We have not change the `nan` value of the variable GarageYrBlt because it is a numeric feature and it is not a good idea to replace it with a String value. However, what should we do ? This question is less easy than it appears. Replacing the value with 0 can impact the model if the model is to simple: a linear regression will take the year as a numerical value and try fit a line to the point. You can observe the change in the following plot :

In [None]:
plt.figure()
sns.regplot(houses.SalePrice, houses.GarageYrBlt, label = "Nan Ignored", scatter_kws={"alpha": 0.25})
sns.regplot(houses.SalePrice, houses.GarageYrBlt.fillna(0), label = "Nan replaced by zero", scatter_kws={"alpha": 0.25})
plt.legend()
plt.show()

So, what should we do ? Find pros and cons for each of the proposition and change the column with your choice
- Delete the column 
- Replace with a quantitative column
- Replace with 0 but use a model which can handle this error
- Compute the difference between YrSold and GarageYrBlt and replace the missing values with -1

In [None]:
houses.GarageYrBlt = 

Let's do a similar for loop for all the variables concerning the garage and correct them 

In [None]:
for 

Now, let's analyze a simplier quantitative value: LotFrontage which is "Linear feet of street connected to property", so it seems natural in this case to replace the missing values with 0.

In [None]:
houses.LotFrontage.unique()

In [None]:
houses.LotFrontage = houses.LotFrontage.fillna(0)

By now it should only remain 7 features. Do it in a similar way than previously 

In [None]:
assert houses.isna().sum().sum() == 0, "Verify the cleaning section, it seems there are still some errors"

Perfect ! You have cleaned the data now and you certainly understand why it takes a lot of time to datascientists to collect but also analyse and clean the data.

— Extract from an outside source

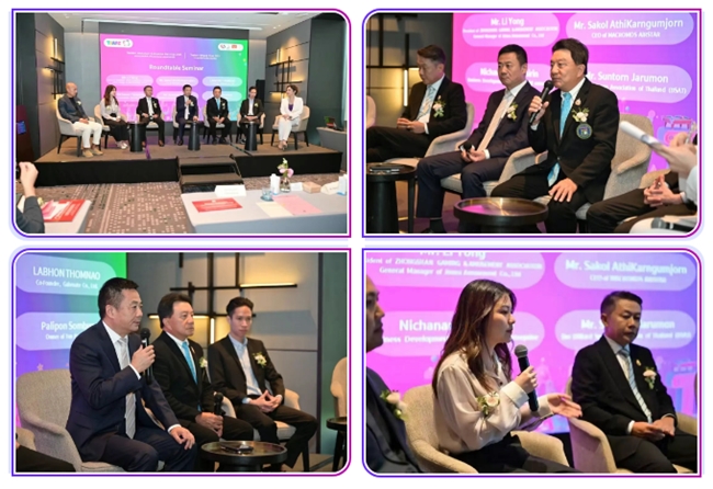 圓桌研討會上,中山市游戲游藝行業(yè)協(xié)會會長、廣東金馬游樂股份有限公司總經(jīng)理李勇、泰國臺球協(xié)會會長Mr.Suntorn Jarumon、MACROMOS AIRSTAR首席執(zhí)行官Mr.Sakol AthiKarnGumJorn、Solid enterprise業(yè)務(wù)發(fā)展主管Ms.Nichanan Tantasirin、Gabenate Co., Ltd.聯(lián)合創(chuàng)始人Mr.Labhon Thomnao、TON Praram3品牌創(chuàng)始人 Mr.Palipon Sombun等嘉賓圍繞“體育商業(yè)經(jīng)濟(jì)助力下泰國旅游娛樂的未來”主題展開深度對話。各方觀點碰撞交融,為產(chǎn)業(yè)發(fā)展提供了兼具前瞻性與實操性的思路建議。

So you certainly don't want to redo this work next time, so let's save it

In [None]:
houses.to_csv('data/' + name + '_cleaned.csv') # Save in a second file (it is important to always keep original)

# Qualitative data

As discuss in the first notebook, it is really important to deal with the qualitative data because some model will not be able to deal with them if there are not transformed.
First let's see which features are qualitative.

In [None]:
houses.select_dtypes(exclude='number').describe()

How many different variables are qualitative ? And how many unique values are there (if you sum over all the qualitative features) ?

What can we do, discuss the following possibilities 
- Ignore them 
- Replace the different values by a number (example: Imagine a feature "ColorWall" with values "Green", "Blue", "Yellow", you can replace all "Green" with 0, "Blue" with 1 and etc)
- Encode the features with several column (example: Replace the feature "ColorWall" with three different columns "ColorWallIsGreen", "ColorWallIsBlue" and "ColorWallIsYellow" and if the house has the value "Green" in "ColorWall" then it will have 1 in "ColorWallIsGreen" and 0 in the two others) 

We will use the dummy coding proposed by pandas : `pd.get_dummies(dataset)`

In [None]:
houses = 

In [None]:
houses.to_csv('data/' + name + '_cleaned_nocategorical.csv') # Save in a third file

In [None]:
assert len(houses.select_dtypes(exclude='number').columns) == len(houses.columns) , "There remain some categorical features"

There is a second file which is composed of the same features and that will be useful in the future. 
Replace in the first cell the variable `name` of the section **Dealing with missing data** with "kaggle" and rerun the notebook by clicking on Kernel > Restart & Run All and verify that every cell has run.